Edie looked up at him disdainfully and asked for a sheet of paper. Then she scribbled down a bill of her own for £300 and presented the manager with it. “What’s this?” he asked, looking very surprised.

“For extras,” she said.

“But…but I don’t understand,” said the bewildered man.

“Look,” said Edie, “I didn’t use your swimming pool, your jacuzi, nor did I have a massage and the rest.”

“But, madam,” spluttered the manager, “they were there if you’d needed them and quite frankly I don’t understand what your own bill is all about.”

“It’s for service rendered had I been asked,” said Edie calmly looking him straight in the eye.

“Service?” echoed the manager.

“Yes. The service any lady worth her salt can offer a man,” she replied, with a glint in her eye. “It was there if needed and if I’d been asked my price would have been £300, but you never took up my facility.”

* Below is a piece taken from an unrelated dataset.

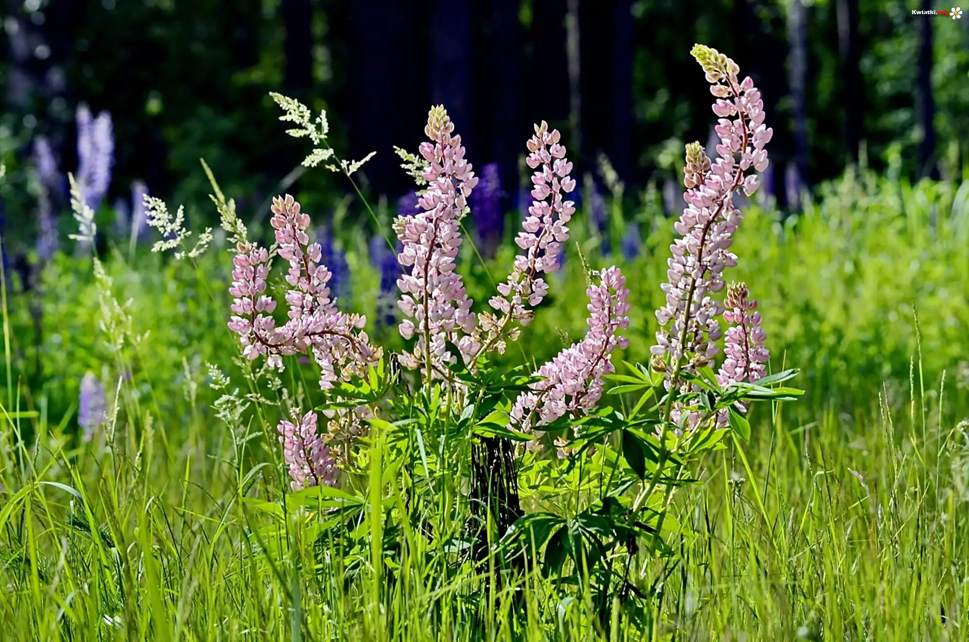 Kwiaty, Łubin, Trawa - Zdjęcia
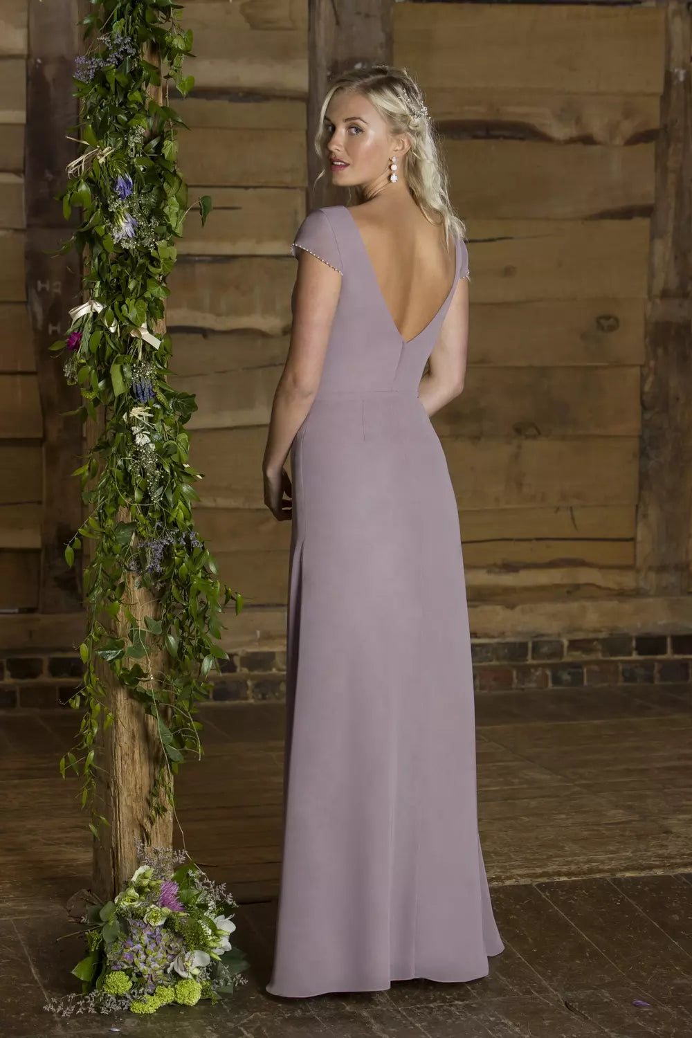 This elegant chiffon bridesmaid dress looks super classy with v-neck bodice and slim A-line skirt features a sheer single layer chiffon cap sleeve edged with a row of pearls and bugle beads. Perfect when paired with one of our mix and match belts, which can be ordered separately in a matching shade or contrast shade. Pictured wearing bridesmaids belt EB03. Also available in velvet as E210V.

The manager was completely floored, but he had a sense of humour and without more ado took the £300 for extras off her bill.

When they got outside, her husband Jack, who was a bit slow on the uptake and who’d stood by saying nothing all the while, naively asked her what she meant by the service any lady worth her salt could offer a man. Without blinking an eyelid she answered, “Any woman worth her salt is a good cook. Had I been asked I’d have baked him a couple of my rich fruit cakes which you like – and in an expensive place like this I’d have charged him £150 each.”